WHAT TO WORK ON
The data below should be transcribed in full, with no picture included.

INFORMATION SHOWN
● ● ● ● ● ● ●

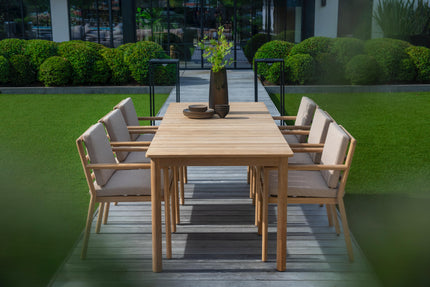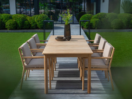 De Maré eetkamerstoel vormt een perfecte aanvulling op de Maré eettafel en is ideaal voor wie houdt van luxe en natuurlijke materialen in zijn interieur of buitenruimte.
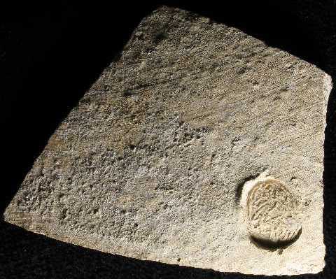 Notice the 2 ring-bezel marks at the top & bottom of the seal border, plus a disturbance in the body of the shard where a knuckle of the ring wearer probably collided with the wet clay during the stamping operation: ![]() ![]()
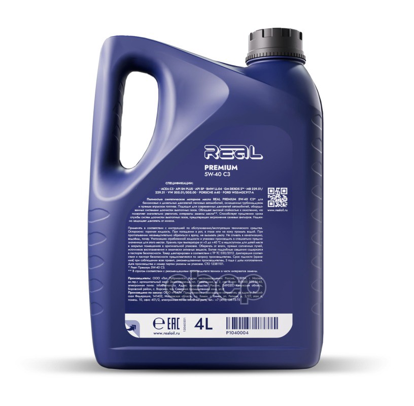 Купить запчасть P1040004 Масло моторное REAL PREMIUM 5W40 C3 4Л ACEA C3, API SN PLUS, API SP BMW LL-04, GM Dexos 2™, MB 229.31, 229.51, VW 505.01, VW 505.00, Porsche A40, FORD - WSS-M2C917-A, Синтетика с доставкой в Эль-Монте.

● ● ● ● ● ● ●

THE COMPLETED TASK
 De Maré eetkamerstoel vormt een perfecte aanvulling op de Maré eettafel en is ideaal voor wie houdt van luxe en natuurlijke materialen in zijn interieur of buitenruimte.
 Notice the 2 ring-bezel marks at the top & bottom of the seal border, plus a disturbance in the body of the shard where a knuckle of the ring wearer probably collided with the wet clay during the stamping operation: ![]() ![]()
 Купить запчасть P1040004 Масло моторное REAL PREMIUM 5W40 C3 4Л ACEA C3, API SN PLUS, API SP BMW LL-04, GM Dexos 2™, MB 229.31, 229.51, VW 505.01, VW 505.00, Porsche A40, FORD - WSS-M2C917-A, Синтетика с доставкой в Эль-Монте.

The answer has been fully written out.